Proper selection of components is very important in the design of conveyor system. This section of the Engineering Catalogue explains the different designs of primary components, and their principle uses. Also, there is a list of special influencing factors for materials with special handling characteristics.

Conveyor Loading and Discharge

Conveyor loading should be regulated to prevent the components from exceeding their design limits.

Regulated Output Devices

When delivery to conveyor is from machinery with a regulated material output, the conveyor itself can be designed to handle the anticipated material volume.

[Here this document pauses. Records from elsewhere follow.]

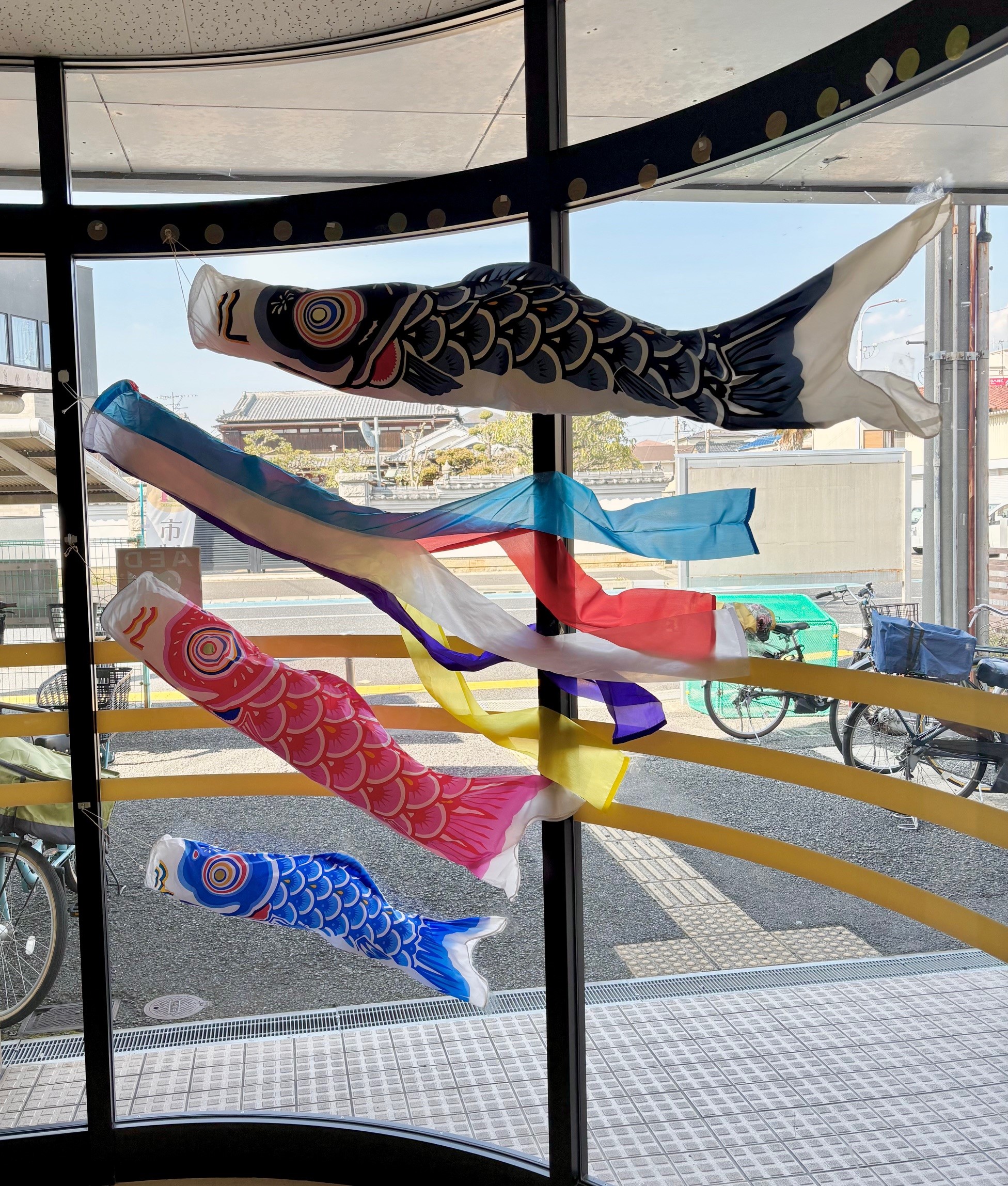 5月5日のこどもの日に向けて、五月人形と鯉のぼりを展示しております。
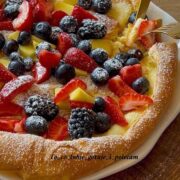 - Upieczony naleśnik wyjmujemy z formy, oprószamy cukrem pudrem, dodajemy ulubione owoce. Można dodać również jogurt, całość polać syropem klonowym lub miodem, ( ale to już wg uznania).
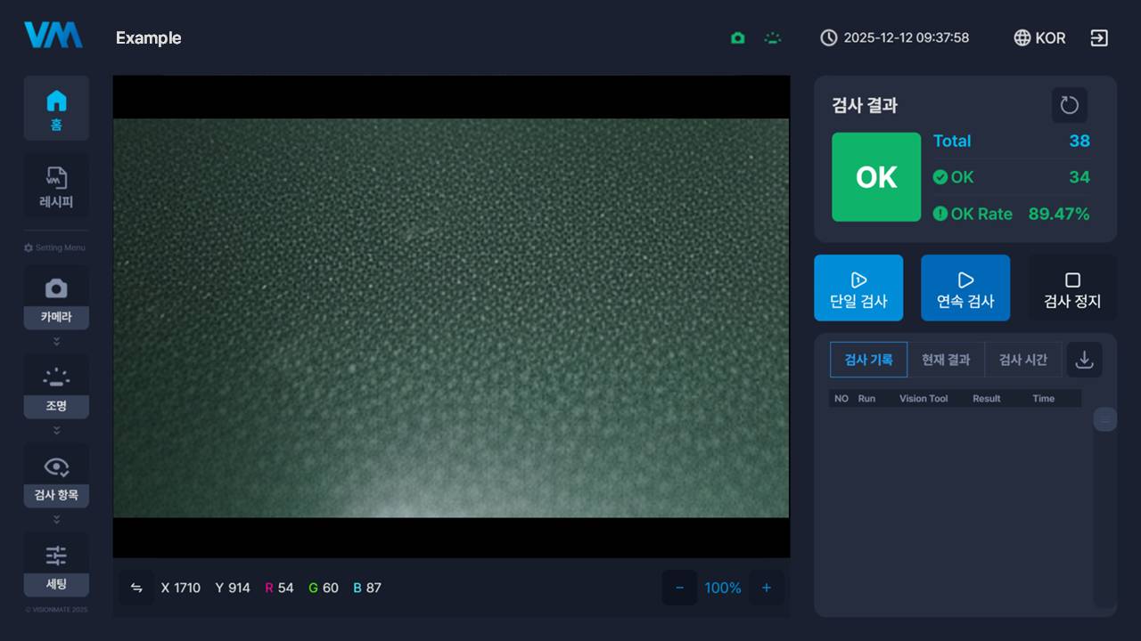조명 제어 및 이미지 분석을 통해 코팅 불균일, 이물, 결함 등을 검사할 수 있습니다.
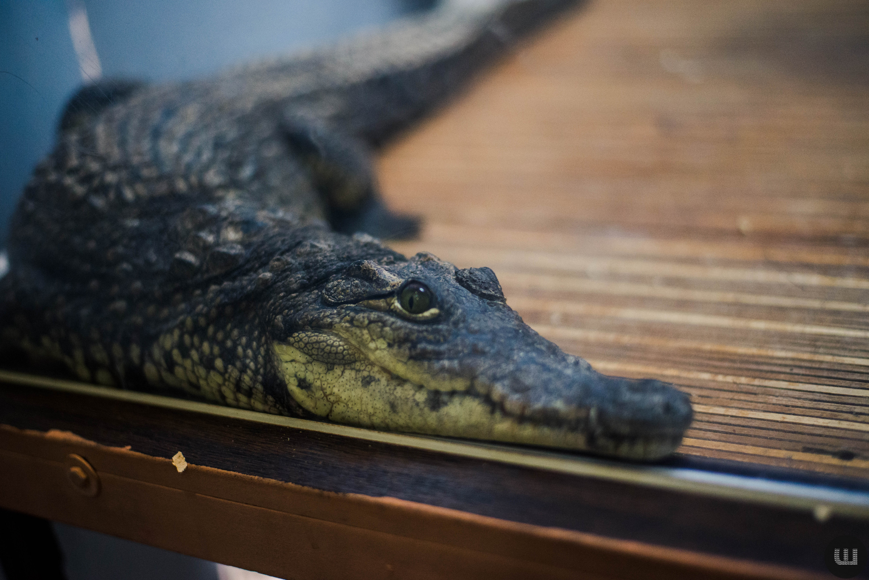 Першим відвідувачів виставки зустрічає нільський крокодил. Тварина небезпечна, тож близько до вольєра краще не підходити.
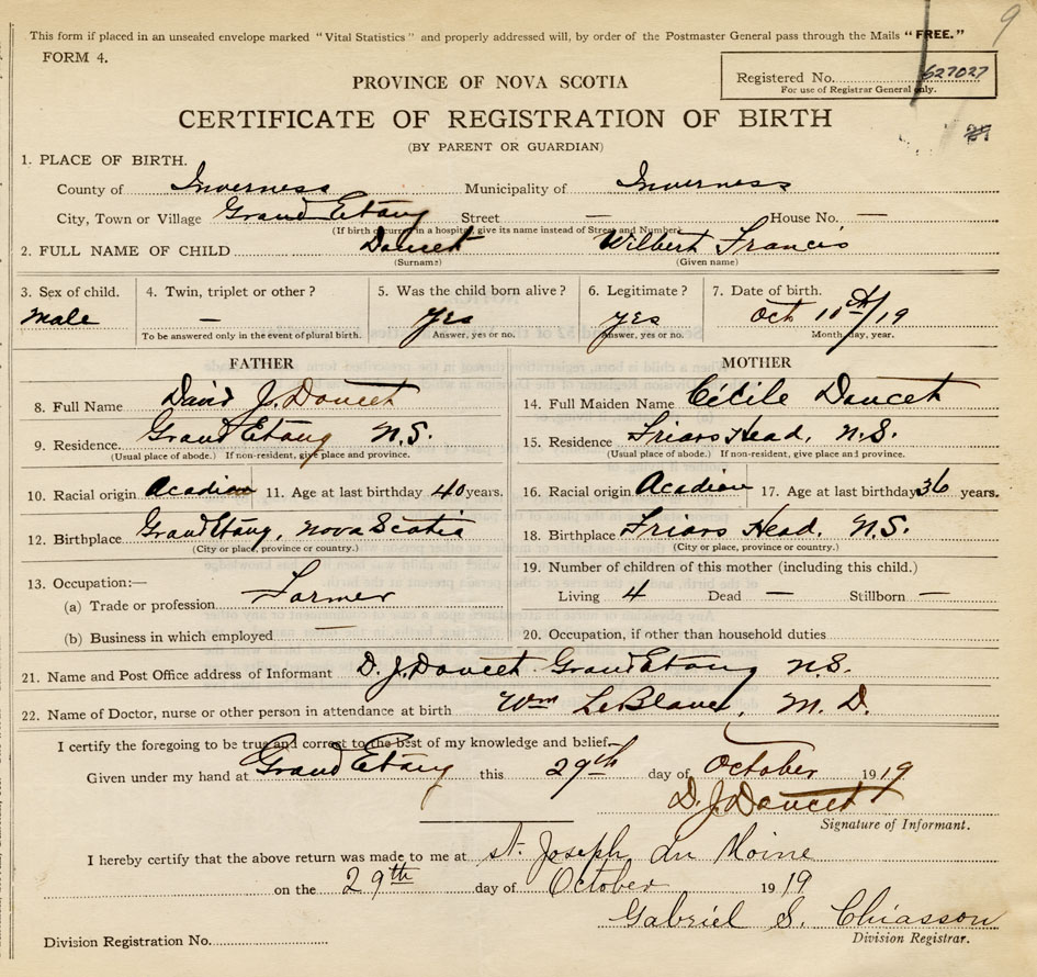 21. Name and Post Office address of Informant D. J. Doucet Grand Etang, Inverness Co., NS
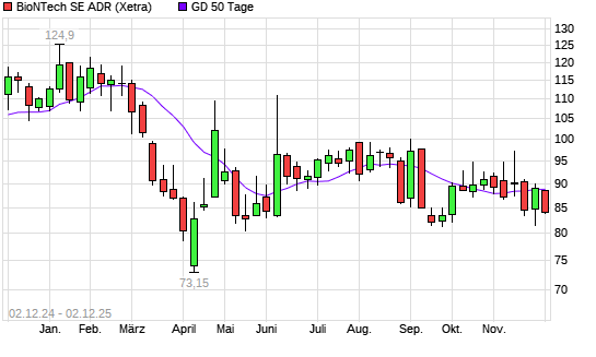 Mit dem Rücksetzer auf 83,85 EUR hat die BioNTech-Aktie am 01.12.2025 die 50-Tage-Linie nach unten gekreuzt.Die BioNTech-Aktie befindet sich seit dem 13.11.2025 im langfristigen Abwärtstrend ...weiterlesen
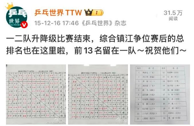 今天是入选国家一队10周年。2015年12月16日,王楚钦凭借在一二队升降级比赛中获得的第11名,入选国家一队。当年这份名单上的人有的匆匆来过,有的默默耕耘,十年间各有各的在走。王楚钦入选国家一队10周年
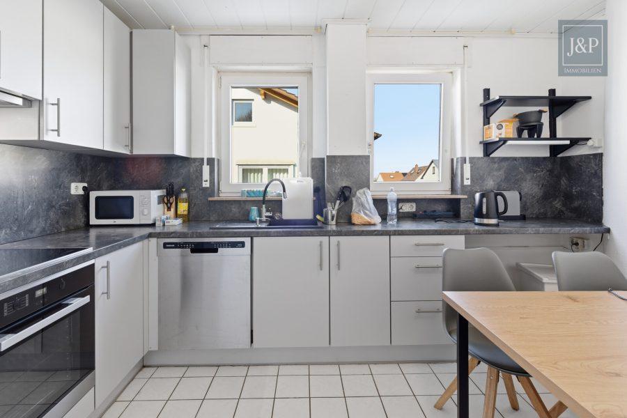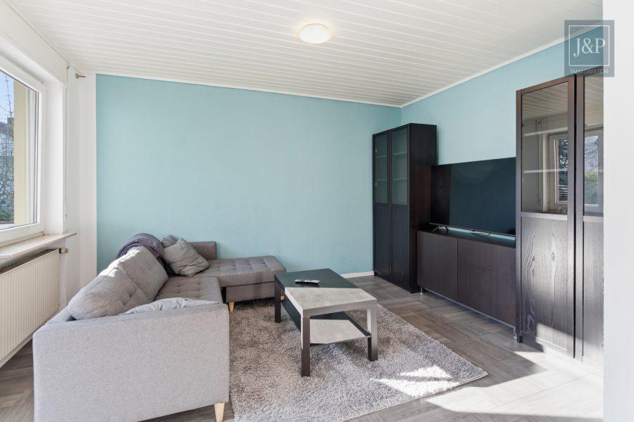 Im Erdgeschoss befindet sich eine gut geschnittene 2-Zimmer-Wohnung mit direktem Zugang zur großzügigen Terrasse und dem Garten. Gerade dieser Bereich wird schnell zum Lebensmittelpunkt: Kinder spielen im Garten, während man selbst entspannt auf der Terrasse sitzt oder den Tag gemeinsam ausklingen lässt. Der vorhandene Kamin im Wohnbereich unterstreicht dabei die wohnliche Atmosphäre zusätzlich.
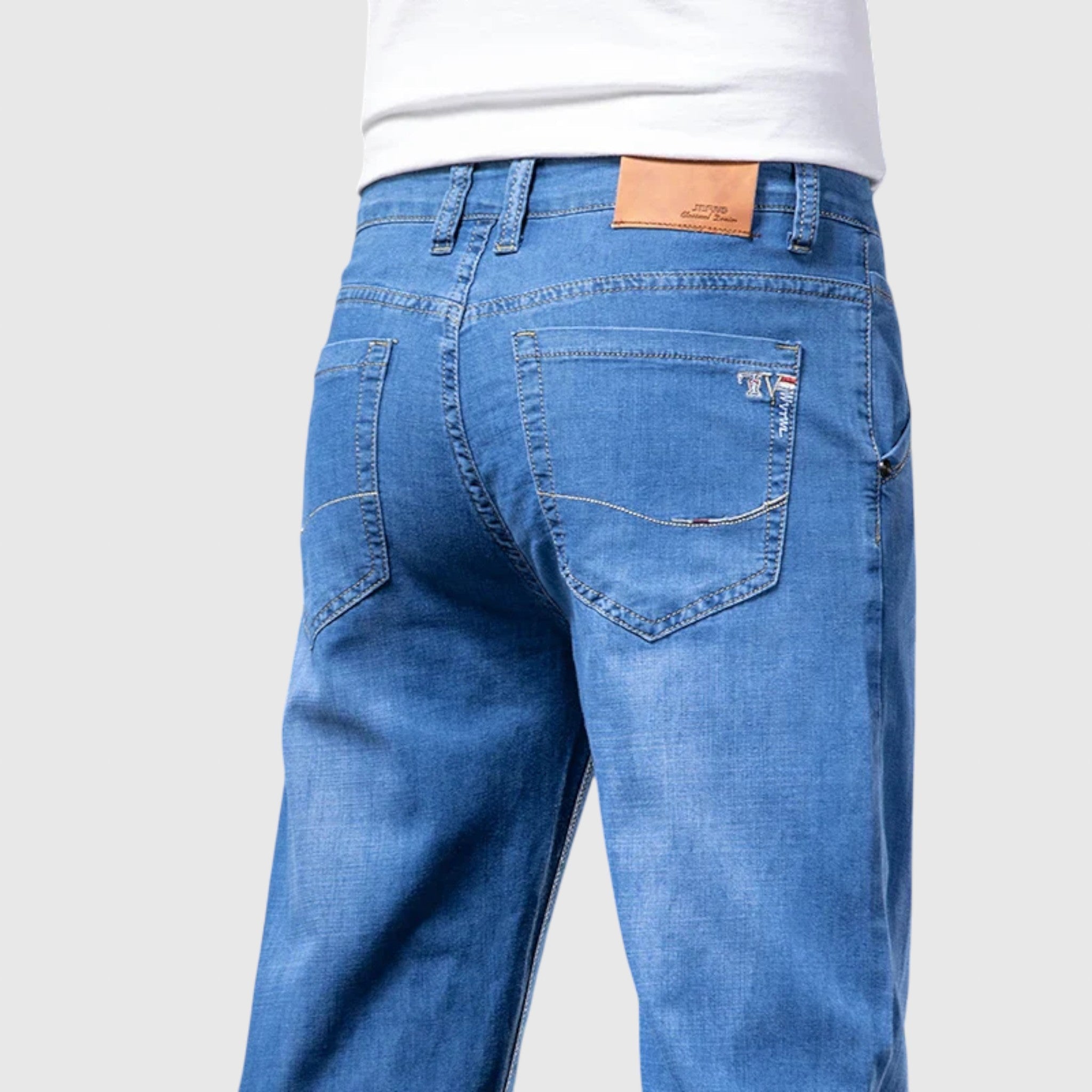 A Casual Straight Denim farmer a férfiak számára készült, akik értékelik az egyszerű és klasszikus megjelenést. Magas minőségű denim anyagból készült, strukturált, de kényelmes szabással, amely ideális a mindennapi viselethez - akár hivatalos, akár informális stílusban viseled.
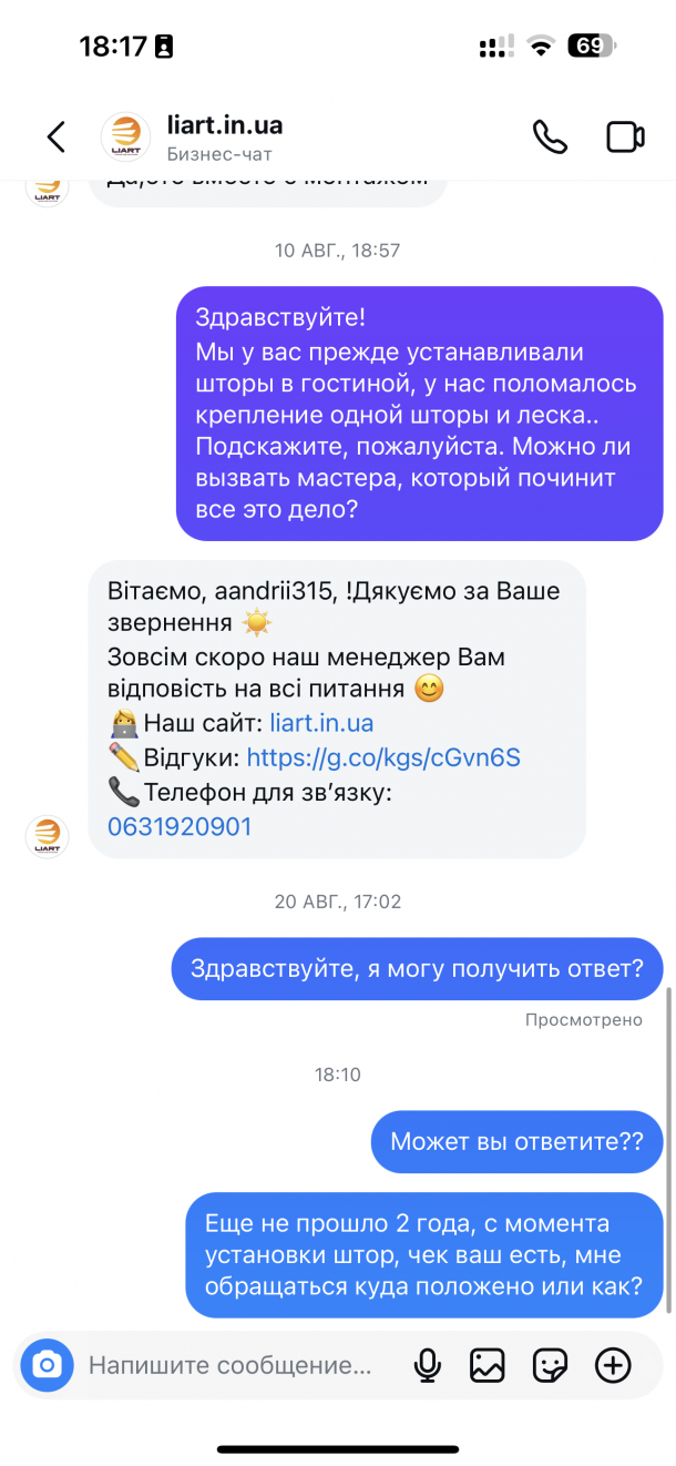 Відгуки про Liart-Service. Жалюзі, ролети, рулоні штори (169)
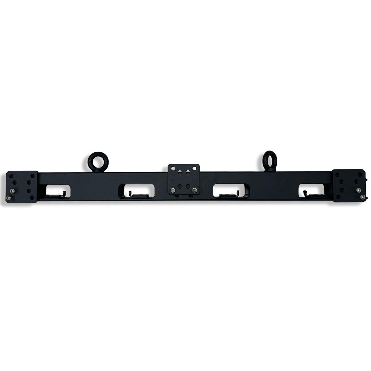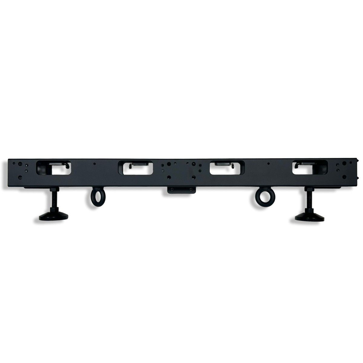1000mm heavy duty hanging bar for Magic Series LED panels. Engineered for strength and precision, it provides secure overhead support for modular LED cabinets and can also be used as a ground support structure with the addition of compatible feet. The bar features two M16 hanging rings and four M16 ground feet mounts, allowing it to transition seamlessly between suspended and floor-mounted configurations. Its precisely engineered mounting points, including M6 and M10 threaded holes, ensure compatibility with a wide range of rigging systems and screen formats.
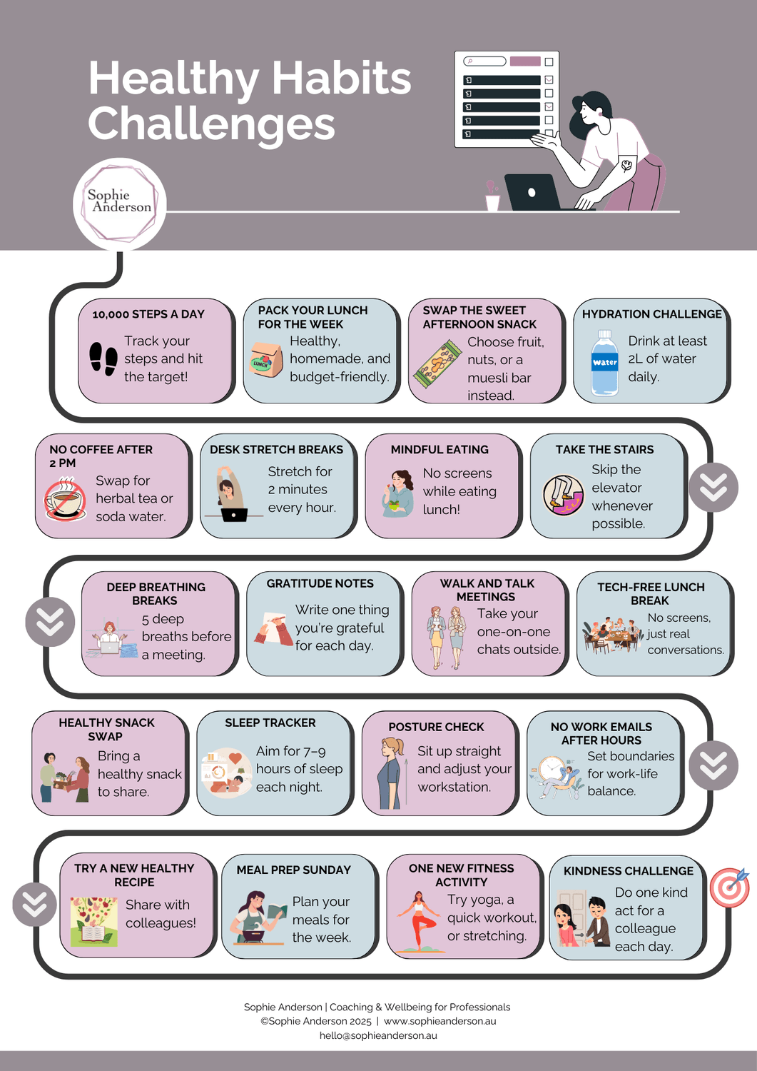 We offer professional coaching packages and workplace presentations & workshops, helping your people be inspired and supported to take charge of their health, reduce stress, and achieve a balanced life.
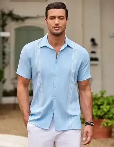 COOFANDY Erkek Küba Guayabera Gömlek ile yaz gardırobunuzu yenileyin! Bu gömlek, sıcak havalarda hem şık görünmek hem de rahat etmek isteyen erkekler için mükemmel bir seçimdir. Hafif ve nefes alabilen kumaşı sayesinde gün boyu serin ve ferah kalırken, kendine özgü Küba tarzı tasarımıyla da dikkatleri üzerinize çekeceksiniz. Guayabera gömleklerin geleneksel zarafetini modern detaylarla birleştiren bu tasarım, dört ön cep ve özenle yerleştirilmiş pile detaylarıyla zenginleştirilmiştir. Bu detaylar, gömleğe hem şık bir görünüm kazandırır hem de fonksiyonellik sunar. Günlük giyimden özel etkinliklere kadar geniş bir kullanım alanına sahip olan bu gömlek, gardırobunuzun vazgeçilmez bir parçası olacak.Düğmeli yakası ve kısa kollu tasarımı, sıcak yaz günlerinde rahat bir kullanım sunarken, şık ve modern bir görünüm de sağlar. İster kot pantolonlarla günlük bir tarz yaratın, ister keten pantolonlarla daha şık bir kombin oluşturun, COOFANDY Guayabera Gömlek her duruma uyum sağlar. Tatillerde, plajda, düğünlerde, partilerde veya sadece günlük gezintilerinizde stilinizi konuşturmak için ideal bir seçimdir.Geniş renk ve beden seçenekleri sayesinde her tarza ve vücut tipine uygun bir seçenek bulmak mümkündür. Kaliteli kumaşı ve özenli işçiliği sayesinde uzun yıllar boyunca kullanabileceğiniz bu gömlek, aynı zamanda makinede yıkanabilir ve kolayca ütülenebilir olmasıyla da pratik bir kullanım sunar. COOFANDY, erkek modasında kalite ve stilin simgesi olmaya devam ediyor. Bu Guayabera gömlek ile tarzınızı yansıtın ve yazın keyfini çıkarın. Şimdi sipariş verin ve benzersiz bir stile sahip olun!

Material is sometimes stored and released intermittently. In this situation, surge loads sometimes cause the conveyor to operate beyond its recommended capacity. Screw feeders are very effective in regulating these intermittent loads, and should be used if at all possible. Otherwise conveyors must be designed for the maximum momentary or surge loads.

Regulated Output Devices

Static Storage Loading

When loading from static storage or from manually regulated inlets, a load indicating ammeter can be attached to the meter control, as a simple and effective tool for accomplishing maximum design loading.

Multiple Inlet Loading

When more than one inlet is feeding the screw conveyor, care must be taken to insure the collective total of the inlets does not exceed the conveyors design limits.

Multiple Inlet Loading

Loading Through Automatic Controls

Automatic devices are available to modulate inlet or feed devices to work within design limits of the conveyor at all times.

Discharge Methods

Below are drawings of standard discharge components in a variety of designs. These configurations are listed for individual applications where the standard discharge spouts are not necessarily appropriate. Cautions are inserted when necessary for particular discharge components.

Discharge Methods
Discharge Methods

Standard Discharge Spout

This component provides a means of directly coupling most interconnecting spouts, processing machinery, other conveyors or storage facilities. Available with hand, rack and pinion or air actuated cut off gates.

Flush End Discharge

Flush End Discharge
Flush End Discharge

Mechanically Operated Gates (Manual or Remote Controlled)

Caution: Not to be used on last discharge.

Mechanically Operated Gates (Manual or Remote Controlled)
Mechanically Operated Gates (Manual or Remote Controlled)

Plain Opening

Plain Opening
Plain Opening

Open Bottom Discharge

Open Bottom Discharge
Open Bottom Discharge

Trough End Discharge

Caution: To be used with conveyor loadings of 30% or under only.

Trough End Discharge
Trough End Discharge

Open End Discharge

Open End Discharge
Open End Discharge

Factors Influencing Materials of Construction or Special Mechanical Arrangement of Screw Conveyor Components

Corrosive Materials

Corrosive materials, or materials which have a tendency to become corrosive under certain conditions, may necessitate the use of corrosion-resistant alloys such as stainless steel.

Abrasive Materials

Abrasive materials which may cause excessive wear of components should be conveyed at a nominal depth in the conveyor. It is often advisable to also specify Kase’s Abrasion-Resistant Screw Conveyors or conveyors with flights formed of AR steel plate.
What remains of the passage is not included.